(What the task asks) All of the listing below must be repeated word for word. Pictures are the only thing to omit.

(Raw data)
>>

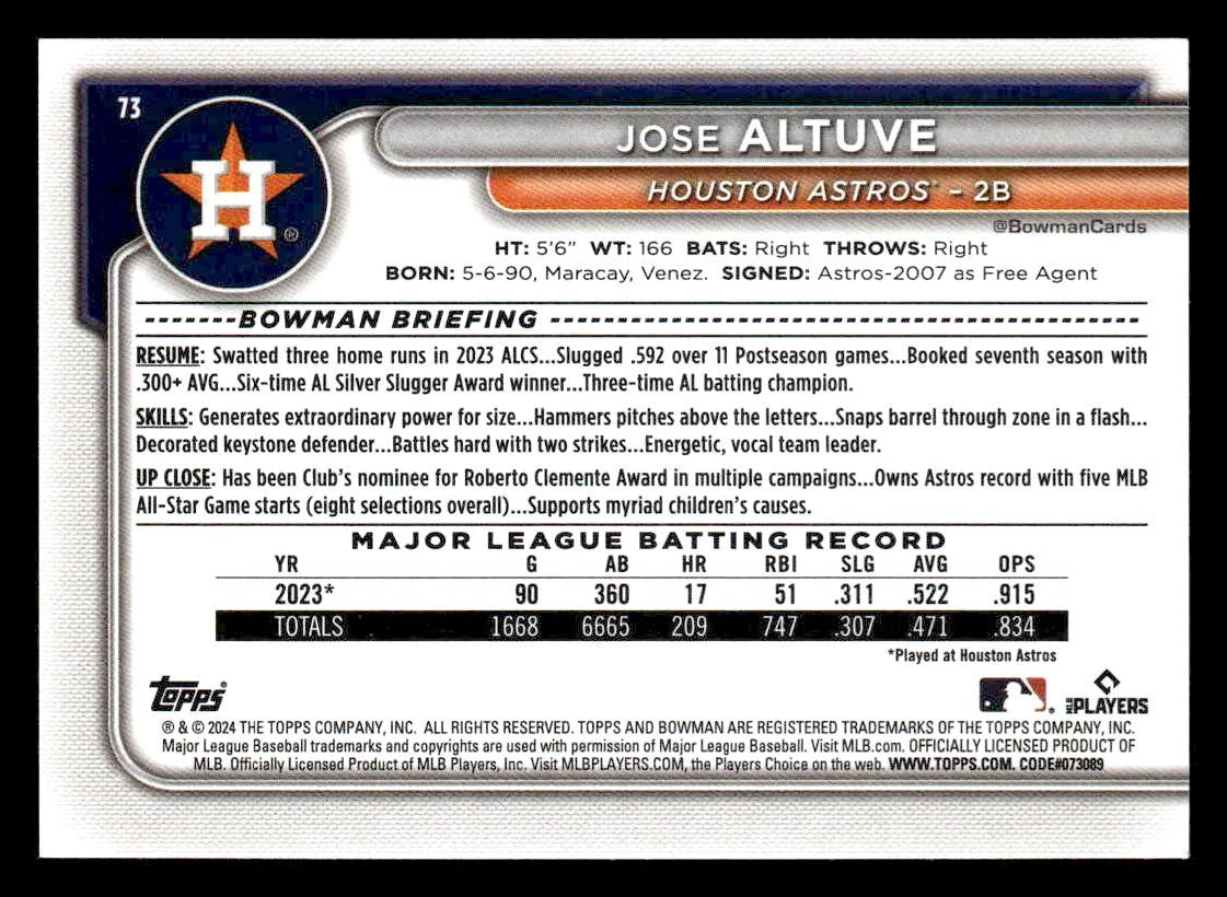 This is a nice example of a 2024 Bowman #73 Jose Altuve
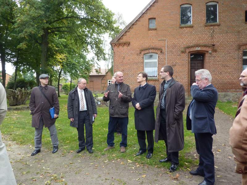 Nach dem Besuch in Blüthen war der Bischof dann auf dem landwirtschaftlichen Betrieb von Herrn Reiner Guhl in Düpow. Kenntnisreich informierte Herr Guhl über die Situation in der Landwirtschaft, über Chancen aber auch Probleme. Er zeigte uns die Ortslage Düpow und Teile der Gemarkung. Ob Biogas oder Milchpreis, ob Fruchtfolge oder Genkartoffel; mit klarem Durchblick wurden wir informiert. Zugleich schilderte er und seine Frau dem Bischof das kirchliche Leben am Ort.
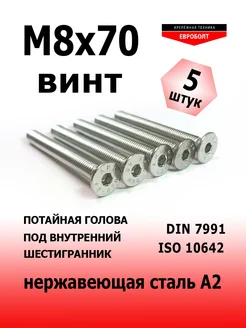 Винт потайной под шестигранник М8х70 DIN7991 нерж, 5 шт
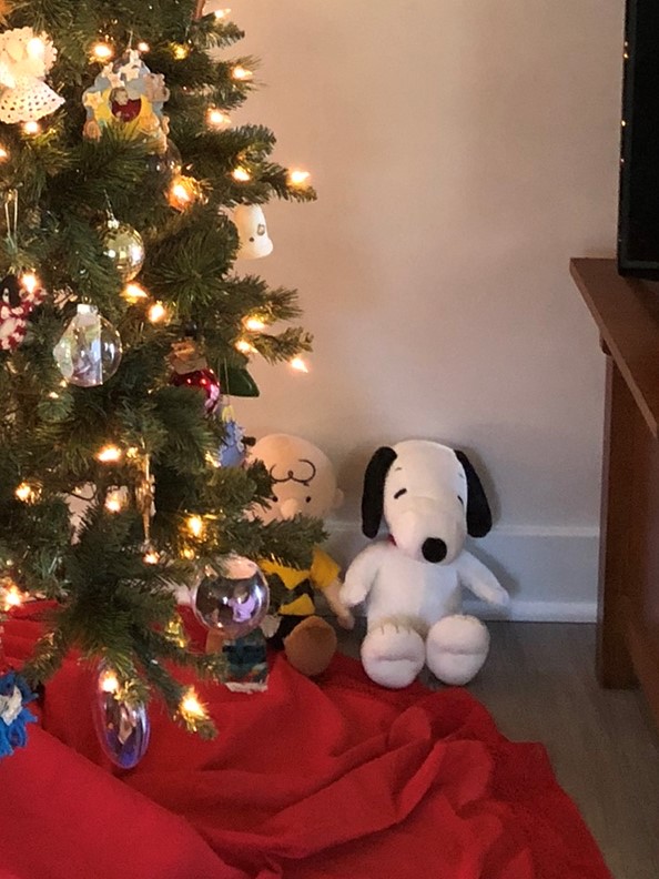 She has now dragged out Snoopy, who fortunately has sewn patches for eyes. No danger there! Wonder how Charlie Brown will taste to her?

<<

(Answer box)
 This is a nice example of a 2024 Bowman #73 Jose Altuve
 Nach dem Besuch in Blüthen war der Bischof dann auf dem landwirtschaftlichen Betrieb von Herrn Reiner Guhl in Düpow. Kenntnisreich informierte Herr Guhl über die Situation in der Landwirtschaft, über Chancen aber auch Probleme. Er zeigte uns die Ortslage Düpow und Teile der Gemarkung. Ob Biogas oder Milchpreis, ob Fruchtfolge oder Genkartoffel; mit klarem Durchblick wurden wir informiert. Zugleich schilderte er und seine Frau dem Bischof das kirchliche Leben am Ort.
 Винт потайной под шестигранник М8х70 DIN7991 нерж, 5 шт
 She has now dragged out Snoopy, who fortunately has sewn patches for eyes. No danger there! Wonder how Charlie Brown will taste to her?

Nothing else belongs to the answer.